AD Petitioner Tells CIT No Need to Defer to US Interpretation of Affiliation Statute
Antidumping duty petitioner Ventura Coastal invoked the U.S. Supreme Court's recent decision in Loper Bright v. Raimondo -- which overturned the principle of Chevron deference -- to claim that the Court of International Trade doesn't need to adhere to the Commerce Department's interpretation of the statute "defining affiliation between parties" (Ventura Coastal v. U.S., CIT # 23-00009).
The high court last week said courts are no longer to defer to agencies' interpretations of ambiguous statutes but instead are to decide whether federal agencies have correctly regulated in line with congressional directives (see 2406280051). Ventura Coastal is the latest trade litigant to capitalize on the decision, citing the ruling in its challenge to the AD investigation on Brazilian lemon juice (see 2308040029).
Ventura brought the suit to argue that Commerce improperly found that exporter Louis Dreyfus Co. wasn't affiliated with its primarily fresh lemon supplier, leading to a de minimis rate for the company. In a July 3 notice of supplemental authority, the petitioner claimed that, due to the death of Chevron, no deference is owed to the government's read of the affiliation statute.

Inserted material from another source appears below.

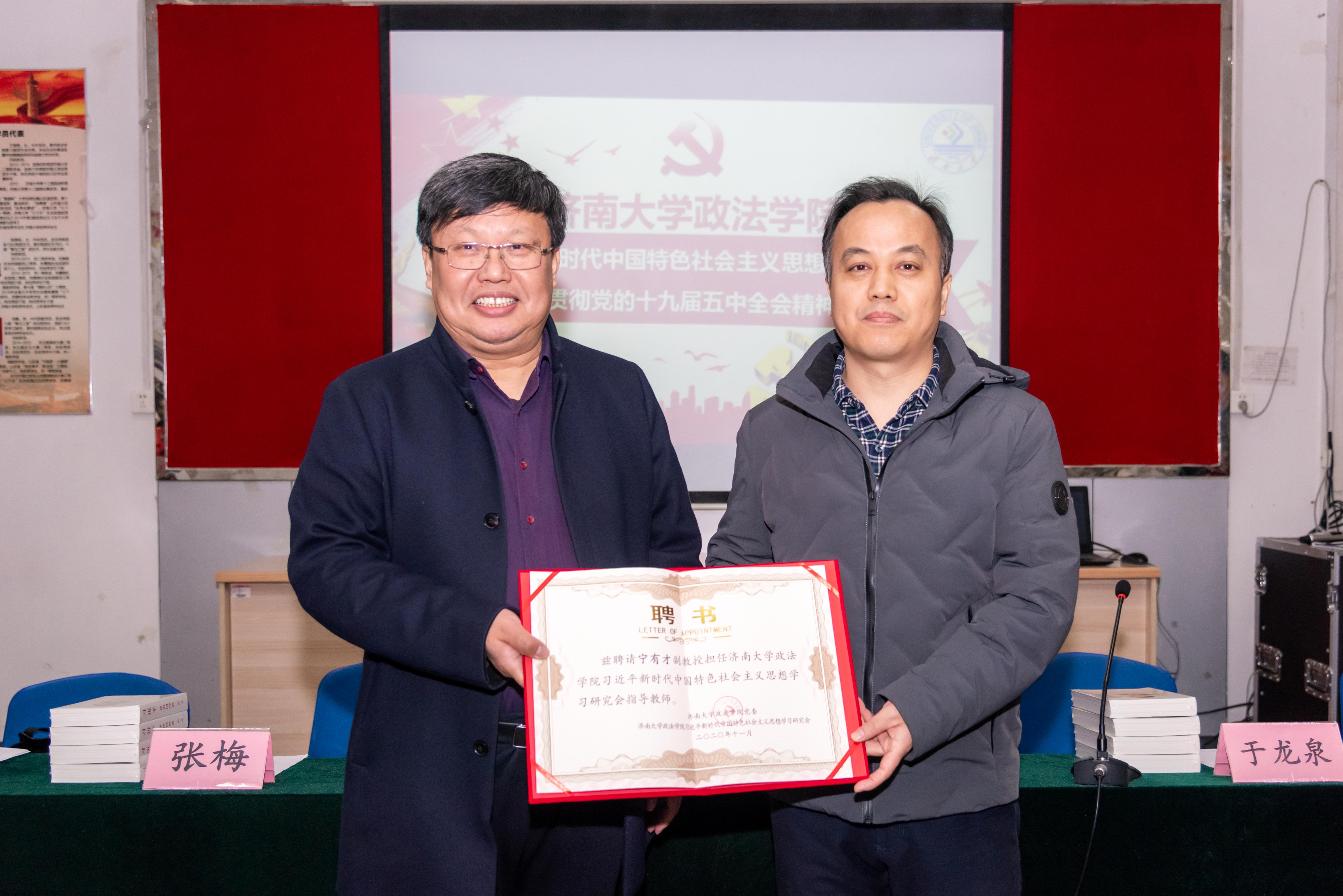 开展思想政治教育的重要载体,通过配齐配强指导教师,为学习研究会今后发展提供强大智力支持和保障。随后,他从为什么学、学什么、怎么学三个方面,希望全体学员站在历史维度、实践维度和个人成长维度充分认识加强理论学习的重要性,坚持学原文、读原著、悟原理,把学习宣传贯彻党的十九届五中全会精神作为当前和今后一个时期的重要政治任务,做到理论学习与实践学习、专业学习相结合,推动学习贯彻习近平新时代中国特色社会主义思想往深里走、往心里走、往实里走,做到真学、真懂、真信、真用,争做担当民族复兴大任的时代新人。

The U.S. interpreted the law to define "partners" and "any person who controls any other person and such other person" as parties that shall be considered "affiliated," citing Chevron for the idea that this interpretation is owed deference. Ventura said "the Court does not owe deference" to Commerce's interpretations of these terms and "should employ its interpretation of the term 'partners' under the statute."